Glossary

Sales Automation

Sales automation is the use of software to handle repetitive sales tasks — follow-ups, data entry, lead assignment, reminders — without a rep doing them manually.

Last updated July 18, 2026

How sales automation works

Sales automation runs on triggers and actions: a trigger is an event (a new lead comes in, a deal sits untouched for five days, an email goes unopened for 48 hours), and an action is what the CRM does in response (assign the lead, send a reminder, notify a manager). A rep or admin defines the rule once, and the CRM executes it every time the trigger fires, with no manual step in between.

This differs from a simple reminder or checklist in that the CRM takes the action itself — sending the email, updating the field, creating the task — rather than just telling a person what to do next.

Example

A rule might say: if a deal has had no activity logged for 7 days and is still in the "Proposal Sent" stage, send the assigned rep a task and notify their manager. The rep doesn't need to remember to check; the CRM surfaces it automatically.
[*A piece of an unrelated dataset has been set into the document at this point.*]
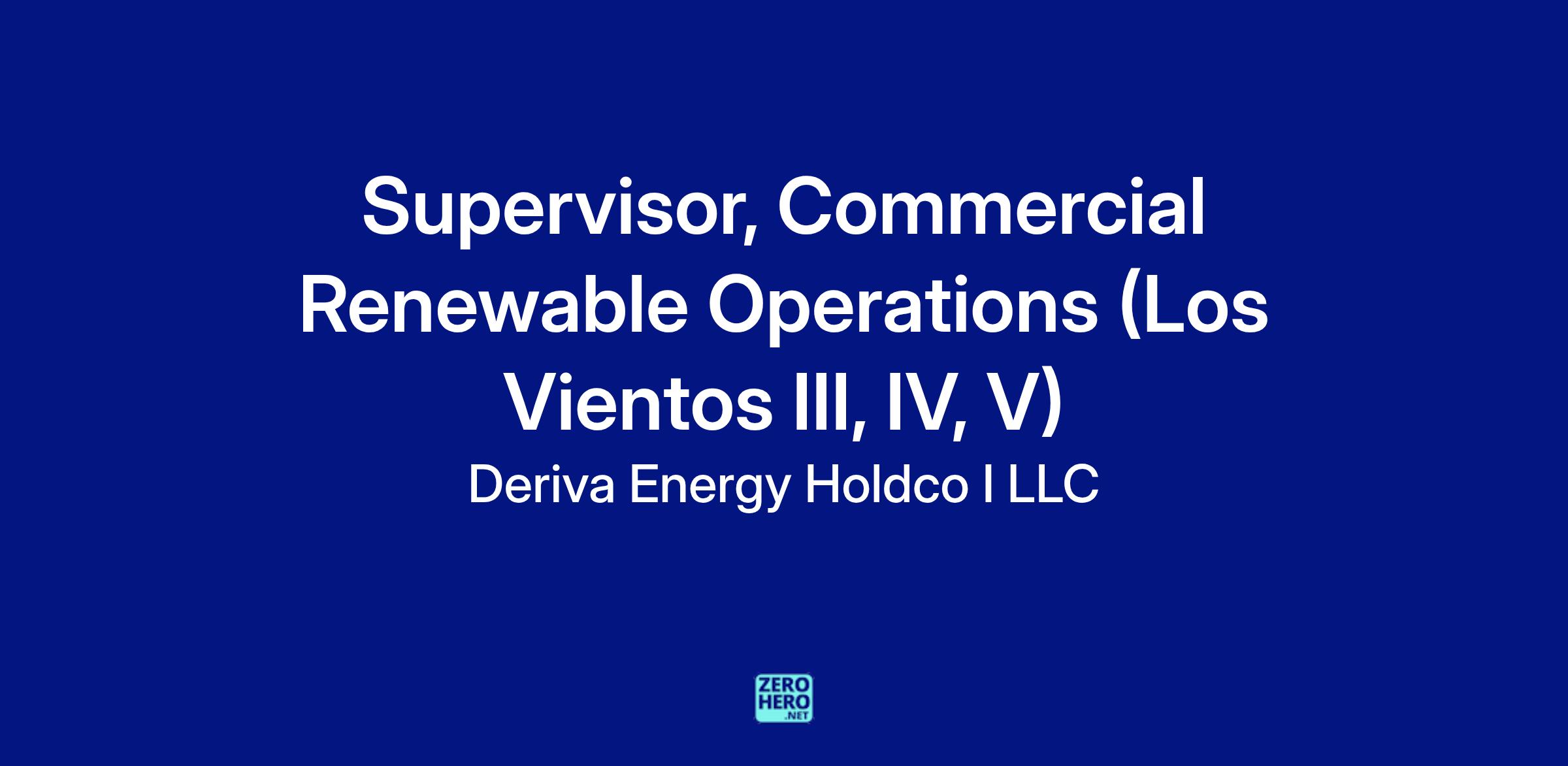 The Supervisor Commercial Renewable Operations is responsible for delivering profitable results at a Deriva owned wind site located in assigned area. Achieve profitable results through safe, efficient, environmentally sound operations that are consistent with both Deriva policy and industry best practices. Responsible for the safety (human and environmental) and final work product of all persons who are on the site including but not limited to permanent and temporarily assigned Deriva staff as well as contractors, suppliers and vendors. Responsible for maintaining a positive, transparent, collaborative working relationship with other corporate support functions. Responsible for maintaining a positive, contractually sound relationship with all landowners and power off-takers weβve partnered with at the asset, while maintaining a positive presence in the broader community where we live and work. Expected to troubleshoot, maintain and perform operations in the field and up-tower.

What sales automation typically covers

The most common categories are:

  • Follow-up automation — sending a scheduled email or task reminder after a call, demo, or form fill, without the rep drafting it each time.
  • Lead routing — automatically assigning a new lead to a rep based on territory, workload, or lead source, instead of a manual handoff.
  • Deal-stage updates — moving a deal forward or flagging it as stalled based on activity, replies, or elapsed time.
  • Data entry — logging emails, calls, and form submissions to the right contact or deal record automatically, so reps aren't retyping information the system already has.
  • Internal alerts — notifying a manager when a high-value deal goes quiet or a lead sits unassigned past a set threshold.

Why it matters

Manual follow-up is the single biggest source of dropped deals in small sales teams: a lead goes cold not because the offer was wrong, but because nobody followed up within the window that mattered. Automation makes follow-up timing and lead handoff a property of the system rather than a property of any one rep's memory or workload that day, which is why it tends to move pipeline metrics (response time, follow-up consistency) more reliably than training or willpower alone.

It also reduces the administrative load that pushes reps to abandon CRM data entry in the first place — the less manual upkeep a CRM demands, the more likely the data in it stays accurate.